I used the RSEM to map paired-end rna-seq data to transcriptome, I am really confused by the output by the bowtie and final mapped bam file.

The command is:

rsem-calculate-expression -p 6 --paired-end $fastqP_1_fa,$fastqP_2_fa  $fastqP_3_fa,$fastqP_4_fa $rsemIndex $output

$fastqP_1_fa, $fastqP_3_fa are one paired data, $fastqP_2_fa, $fastqP_4_fa are the other paired data. Same library sequenced in two lanes.

bowtie output  statistic is:

# reads processed: 31414684
# reads with at least one reported alignment: 15977643 (50.86%)
# reads that failed to align: 15437041 (49.14%)
Reported 89378248 paired-end alignments to 1 output stream(s)

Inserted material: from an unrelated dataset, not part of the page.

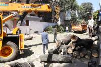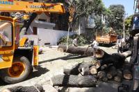 Huge tree branches being chopped by BBMP as safety measurements at Malleshwaram, in Bengaluru on Saturday 28th January 2023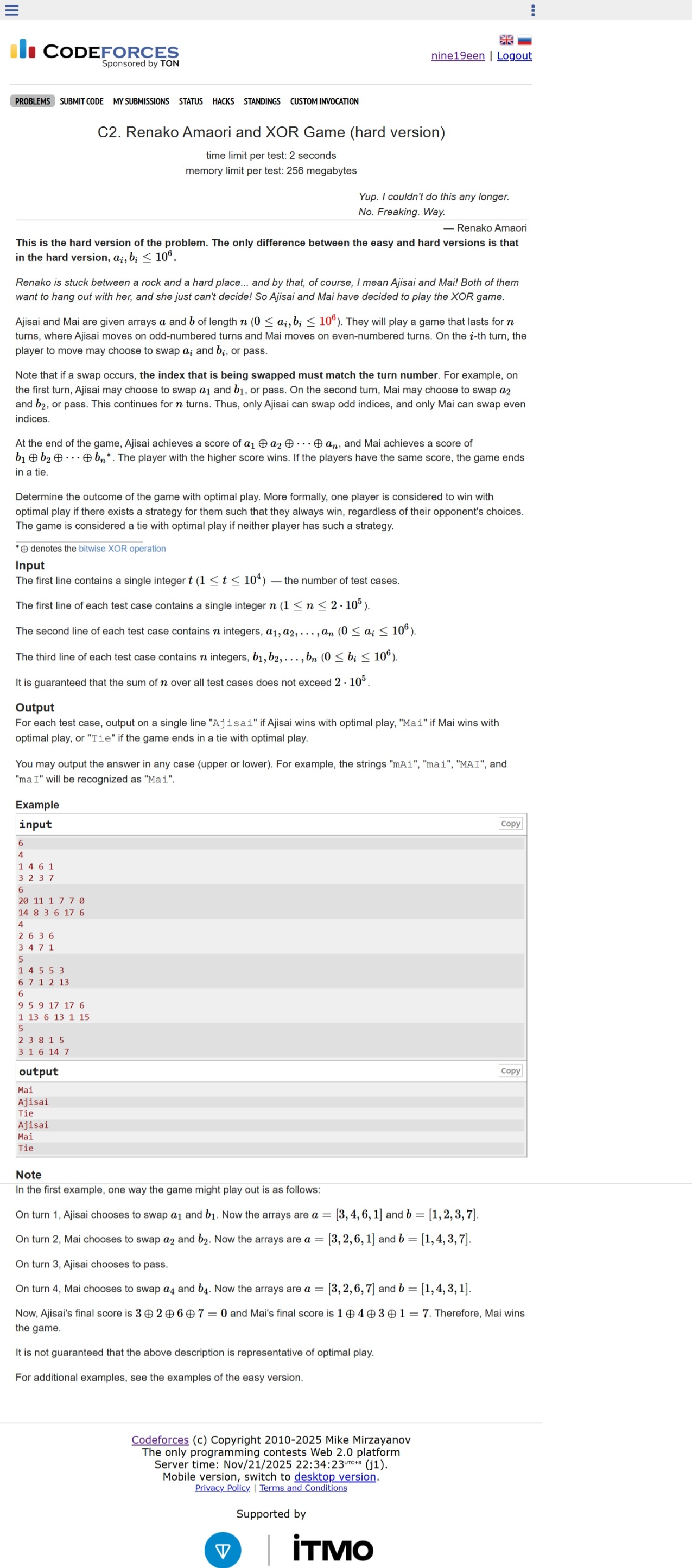 Ajisai_score = a[1] ⊕ ... ⊕ a[n]Mai_score = b[1] ⊕ ... ⊕ b[n]

However, for the two lanes, there are 15577283 *2 + 15837401 *2 = 62829368 total reads. So what does "reads processed: 31414684" mean here? Why less than half of total reads processed? and what is 89378248 ?

In the output bam file, there are 209630578 lines, 46851725 total reads (they unique reads, i.e., only count once even mapped to multiple locations), and 15977643 mapped reads, the only number I found understandable.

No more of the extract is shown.